Tak hanya itu, Alphonzus memastikan semua pengelola pusat perbelanjaan akan taat kepada protokol kesehatan yang telah ditetapkan sepanjang upaya itu efektif untuk meneka angka penyebaran COVID-19.

"Jangan sampai pengorbanan besar di bidang ekonomi menjadi sia-sia, akibat kebijakan yang diputuskan tidak efektif untuk mengurangi jumlah kasus positif COVID-19," tuturnya.

Pembatasan dilakukan dengan tujuan mengendalikan COVID-19

Sebelumnya, Kepala Satuan Tugas Penanganan COVID-19 Ganip Warsito menyebut pemerintah akan memperketat aturan PPKM mikro yang sebelumnya telah diperketat.
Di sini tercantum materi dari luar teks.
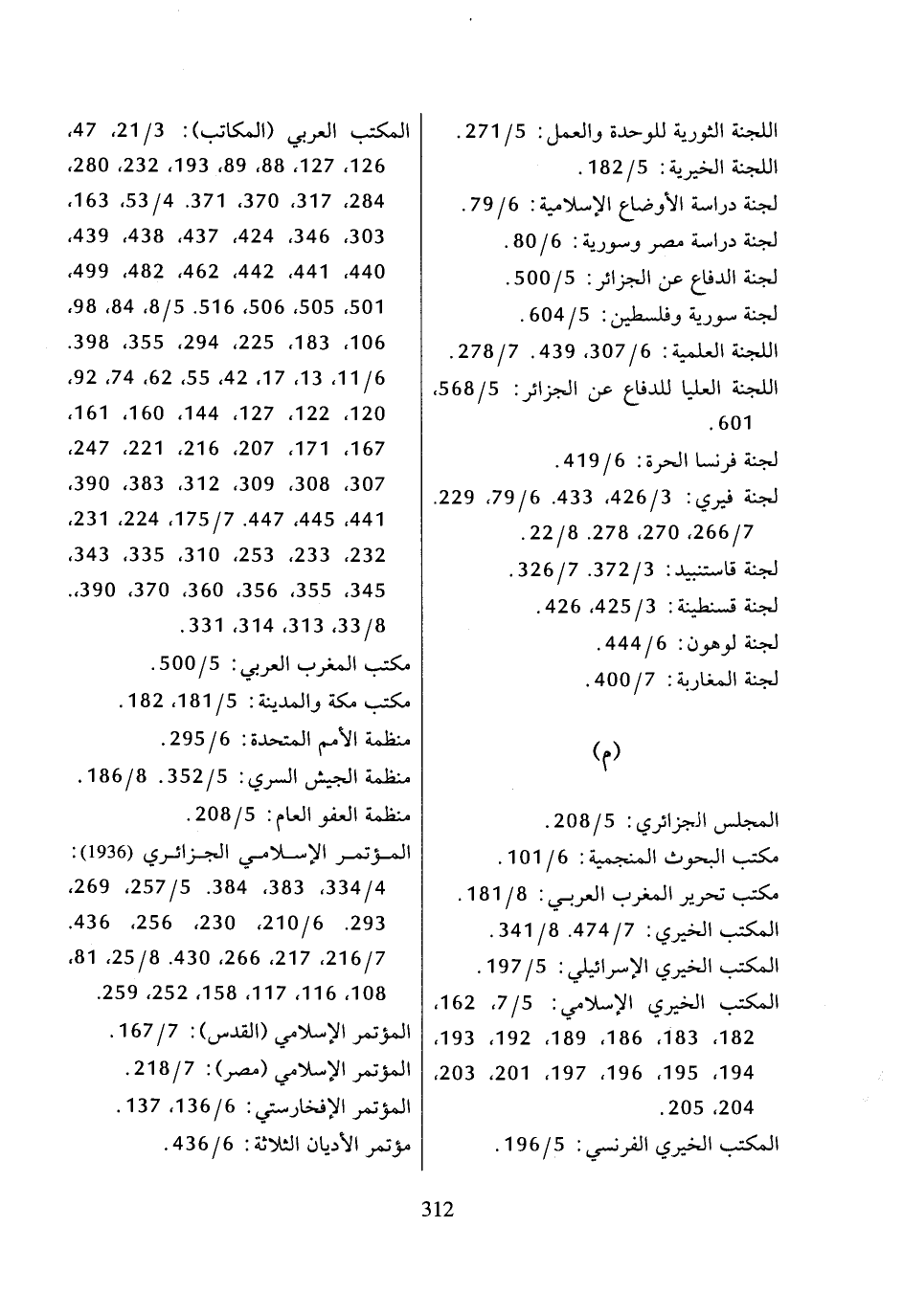 المؤتمر الإسلامي الجزائري (1936): 4/ 334، 383، 384، 5/ 257، 269، 293، 6/ 210، 230، 256، 436، 7/ 216، 217، 266، 430، 8/ 25، 81، 108، 116، 117، 158، 252، 259،

Pemerintah akan mengubah sejumlah aturan dari Instruksi Menteri Dalam Negeri (Inmendagri) Nomor 14 Tahun 2021 tentang PPKM berbasis mikro.

"Nanti akan dilakukan perubahan Inmendagri Nomor 14 Tahun 2021 yang hari ini masih kita pedomani. Pembatasan ini juga dilakukan untuk bisa mengendalikan supaya COVID-19 ini tidak semakin menyebar," kata Ganip dalam rapat koordinasi BNPB, Senin, 28 Juni.

Ganip membocorkan sejumlah aturan yang akan diperketat pada daerah dengan zona merah (risiko COVID-19 tinggi) dan zona oranye (risiko COVID-19 sedang).

Jika sebelumnya pemerintah mengeluarkan kebijakan bekerja dari rumah atau work from home (WFH) 75 persen hanya pada daerah dengan zona merah, nantinya daerah zona oranye akan diikutsertakan dalam aturan tersebut.

"Contohnya nanti yang akan diterapkan adalah pelaksanaan untuk kegiatan PPKM-nya. WFH dan WFO ini akan diberlakukan 75 persen dan 25 persen untuk daerah yang merah dan oranye," ujar dia.

Selain itu, kegiatan operasional sektor usaha juga akan diperketat. Jam operasional mal dan pusat perbelanjaan diperpendek. Lalu, restoran atau rumah makan akan dilarang melayani makan di tempat (dine in). 

"Untuk sektor ekonomi seperti mal ini hanya dioperasionalkan sampai dengan jam 17.00. Restoran hanya diizinkan untuk take away, ini dibatasi sampai pukul 20.00," ungkap dia.

Seperti diketahui, kasus aktif COVID-19 di Tanah Air terus mengalami penambahan, bahkan pada 30 Juni mencapai 21.807. Jumlah tersebut merupakan rekor tertinggi sejak COVID-19 2 Maret 2020. Secara kumulatif total kasus di Indonesia pun mencapai 2.178.272.